Posted on • Originally published at aideazz.hashnode.dev

Oracle Cloud Free Tier for Production AI Agents: What Actually Works

Originally published on AIdeazz — cross-posted here with canonical link.

Most developers dismiss Oracle Cloud's free tier as a student sandbox. They're wrong. I've been running production AI agents on it for months — serving real customers, handling thousands of requests, maintaining five-nines uptime. The infrastructure is solid, but you need to understand its sharp edges and work within specific constraints.

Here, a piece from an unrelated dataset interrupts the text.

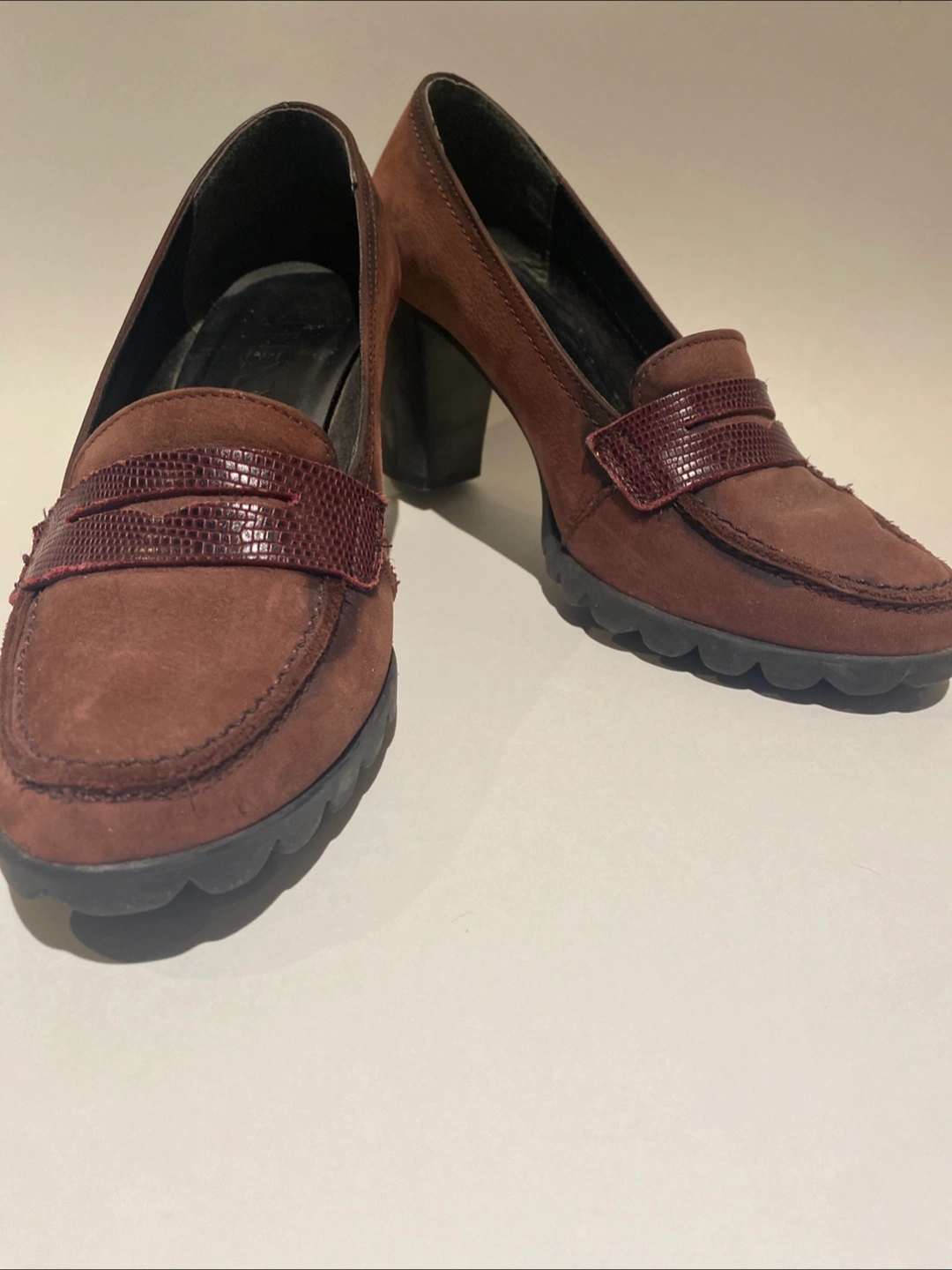 Burgundy suede women's loafers. Features a burgundy snakeskin-like detail. Block heel. Size US 7/EU 38. Some water spots, which could probably be fixed with a suede eraser.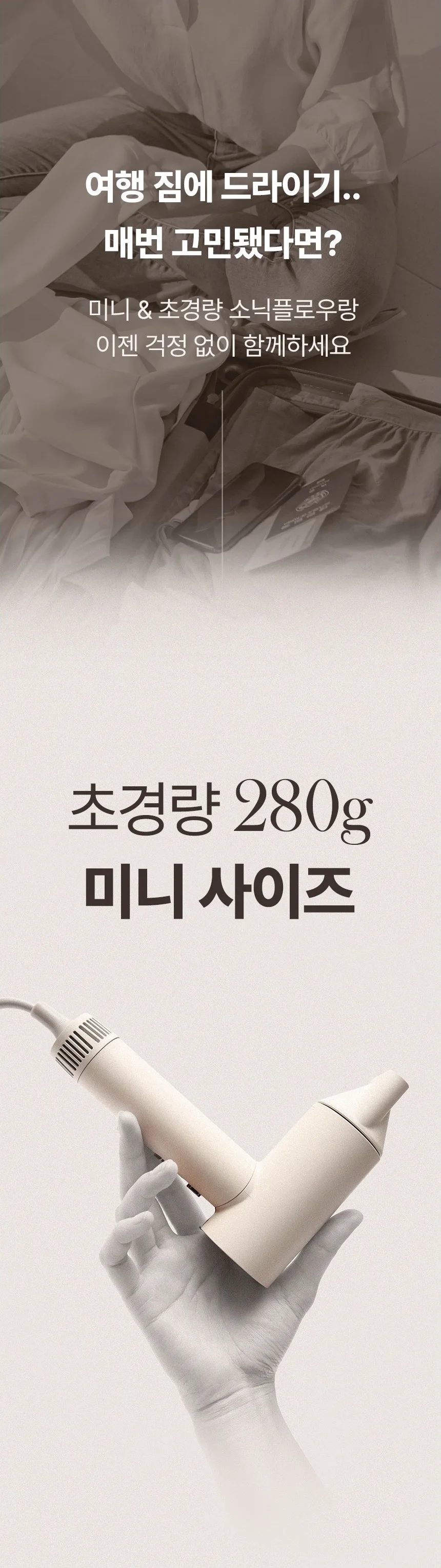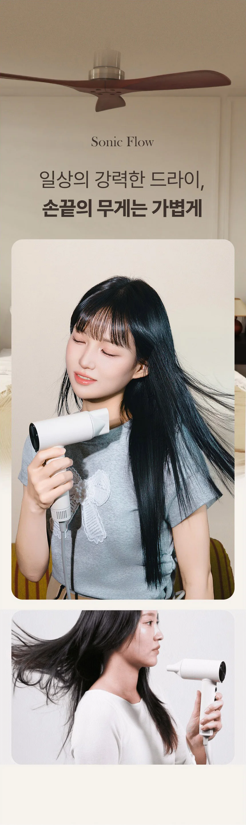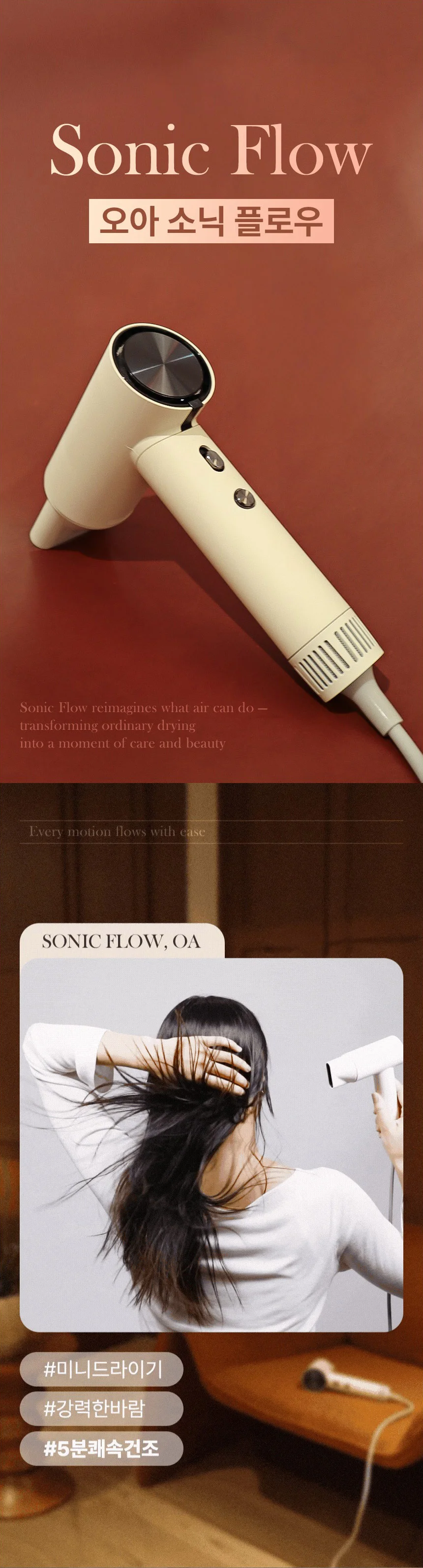 오아 소닉플로우 미니 드라이기 고속 BLDC 헤어 드라이어 음이온 초경량 휴대용 여행용 항공모터

The Free Tier Reality Check

Oracle gives you 4 ARM cores, 24GB RAM, and 200GB storage split across VMs. Plus an Autonomous Database with 20GB storage and APEX for quick frontends. That's more generous than AWS or GCP free tiers, but the real value isn't the specs — it's the production-grade features they don't gate behind paywalls.

Here's what I actually run on Oracle Cloud free tier AI infrastructure:

  • Multi-agent orchestration system routing between Groq and Claude
  • WhatsApp and Telegram bot endpoints
  • Vector storage for RAG pipelines
  • Real-time monitoring and alerting
  • Backup failover instances

The catch? You get two VMs maximum. That forces architectural decisions most cloud-native developers aren't used to making. You can't spin up a new instance for every microservice. You need to think like you're managing physical servers again.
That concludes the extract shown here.